- Exercise inputs
********************

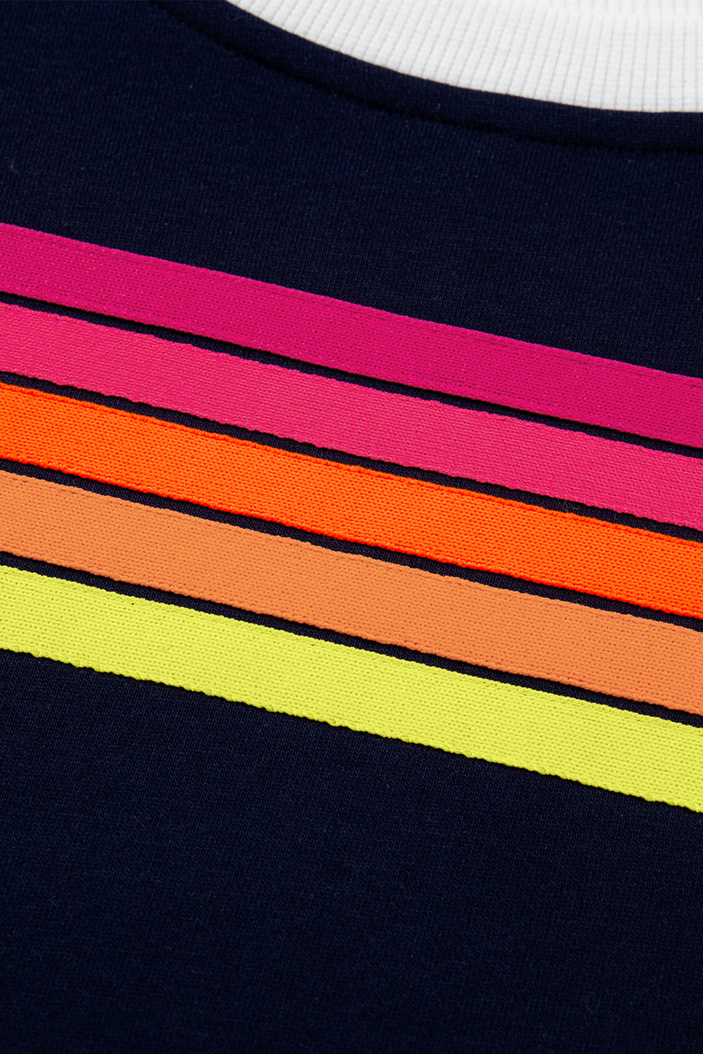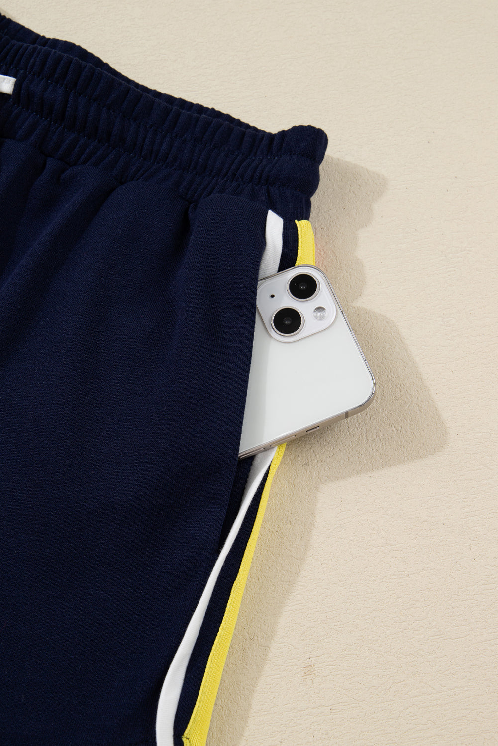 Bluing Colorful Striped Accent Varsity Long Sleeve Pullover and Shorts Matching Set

********************

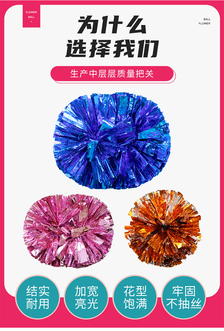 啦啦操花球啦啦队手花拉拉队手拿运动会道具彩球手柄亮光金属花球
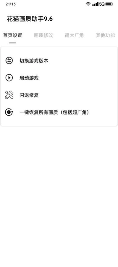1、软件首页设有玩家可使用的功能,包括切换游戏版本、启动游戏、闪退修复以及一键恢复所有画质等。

********************

- Task goal
Range to copy from the listing above: the line containing "啦啦操花球啦啦队手花拉拉队手拿运动会道具彩球手柄亮光金属花球" down to the line containing "1、软件首页设有玩家可使用的", both included. Reproduce it exactly, minus the pictures, and add nothing.

- Answer space
 啦啦操花球啦啦队手花拉拉队手拿运动会道具彩球手柄亮光金属花球
1、软件首页设有玩家可使用的功能,包括切换游戏版本、启动游戏、闪退修复以及一键恢复所有画质等。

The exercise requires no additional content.